The testimony of Jesus

Delve into the meaning of the testimony of Jesus and its implications for our lives today.

Gerhard Pfandl, PhD, now retired, served as an associate director, Biblical Research Institute, Silver Spring, Maryland, United States.

Commentaries throughout the centuries have wrestled with the Johannine expression the testimony of Jesus. Is it the general testimony of the Christian church concerning Jesus, or is it the testimony that Jesus Himself gave while here on Earth and later on through the prophets of the Christian church? The expression testimony of Jesus (marturian Iēsou) occurs six times in the book of Revelation (1:2, 9; 12:17; 19:10 [twice]; and 20:4). Two explanations concerning its meaning have been put forward by commentators.

The first view takes marturia Iēsou as an objective genitive and interprets this as man’s witness to Christ.1 Thus, the war mentioned in Revelation 12:17 refers to the “persecutions against all individuals of the church who keep the commandments of God and bear testimony to Jesus.”2 The second view takes marturia Iēsou as a subjective genitive and understands the testimony of Jesus as the self-revelation of Jesus—His own testimony.3

A study of the word marturia in the Johannine literature, where it occurs 21 times, indicates that this word has been used 14 times in a genitive construction that is clearly subjective (John 1:19; 3:11, 32, 33; 5:31; etc.) The objective idea of “witness about” or “witness to” in John’s writings is consistently expressed by the preposition peri (about, concerning) with the verb martureo (to witness, testify.) He never uses the noun marturia (testimony, witness) with an objective, genitive construction by itself. For example, John 1:7 (RSV), “To bear witness to the light” (martureo + peri); 5:31 (RSV), “If I bear witness to myself” (martureo + peri); 1 John 5:9 (RSV), “He has borne witness to his Son” (martureo + peri).4

The use of Marturia in Revelation

“[John] bore witness to the word of God and to the testimony of Jesus Christ, even to all that he saw” (Rev. 1:2, RSV).

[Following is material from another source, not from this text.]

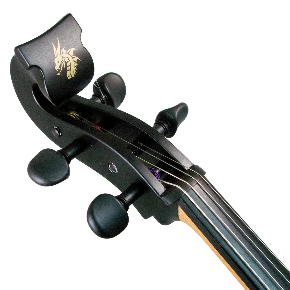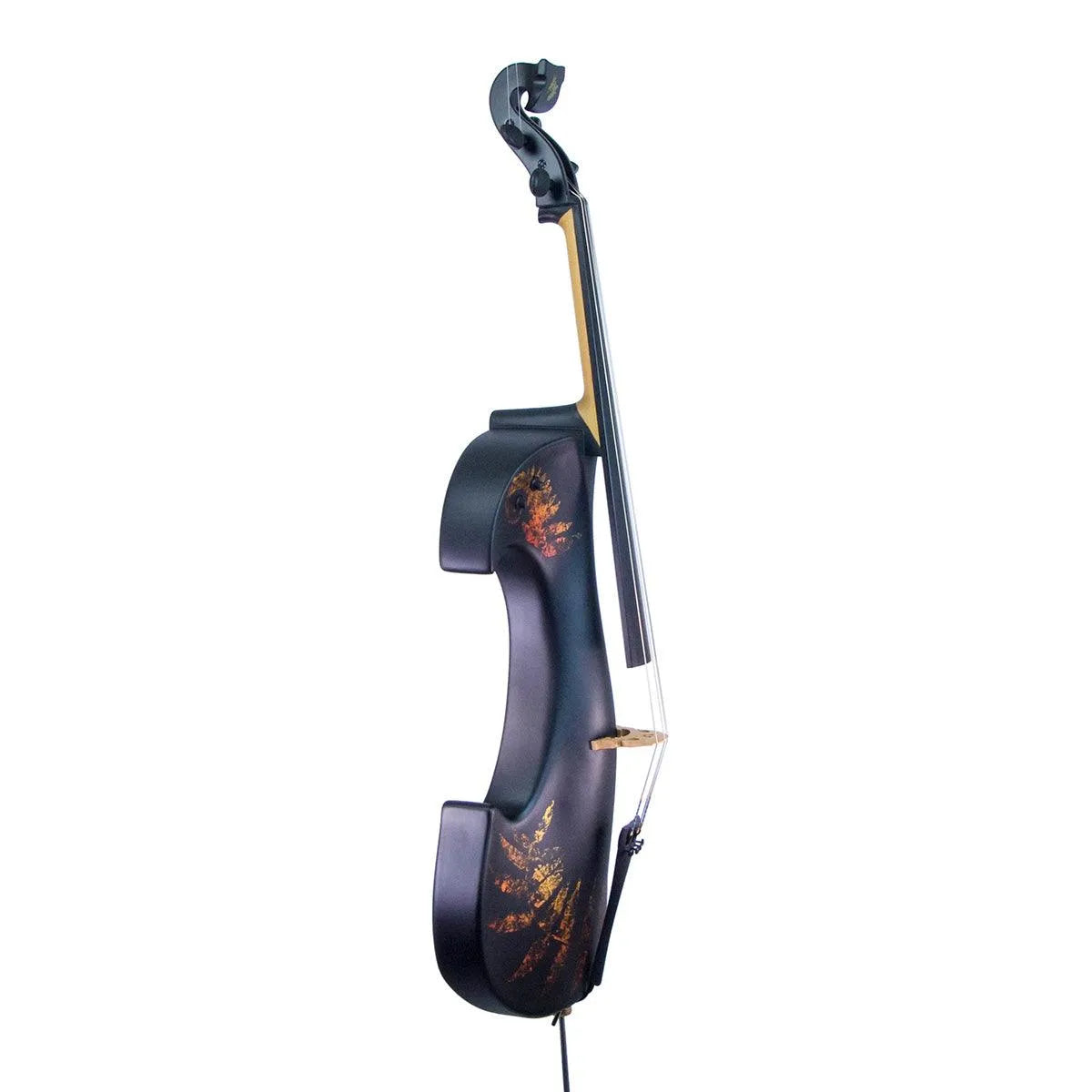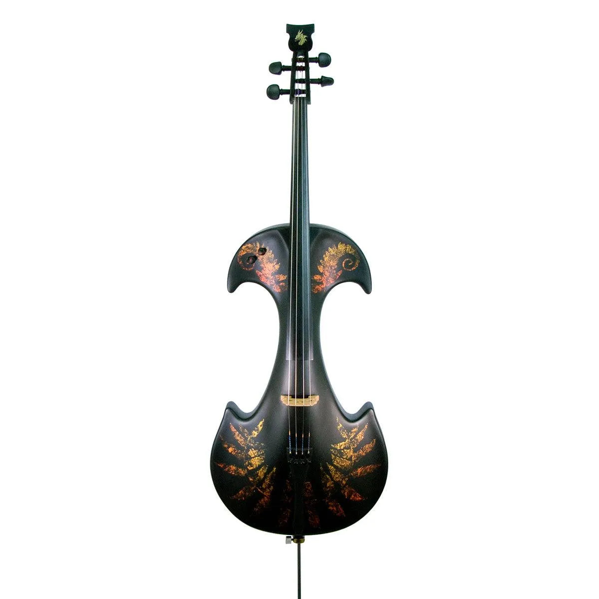 The Draco cello is made of a carbon fiber/Kevlar? composite, with a semi hollow-body design that preserves all the physical reference points of an acoustic cello. Curvy and sexy, this is cello sounds as amazing as it looks. This model is a Dragon, which is an upgraded version with superior electronics to the standard Draco model, as well as auxiliary mini jack headphone output and Wittner finetune geared ebony-lookalike pegs. The unique Phoenix wings-of-fire design is over a matte black finish, which affords this high end cello a particularly luxurious look.

The introduction to the book of Revelation sets forth the source, that is, God and the content of the book—the revelation of Jesus Christ. In verse 2, we are told that John bore witness to “the Word of God” and “the testimony of Jesus.”

“The Word of God” is commonly understood to refer to what God says; and “the testimony of Jesus” in parallel to “the Word of God” must, therefore, mean the testimony that Jesus Himself gives. How did Jesus testify of Himself? While here on Earth, He testified in person to the people in Judea. After His ascension, He spoke through His prophets.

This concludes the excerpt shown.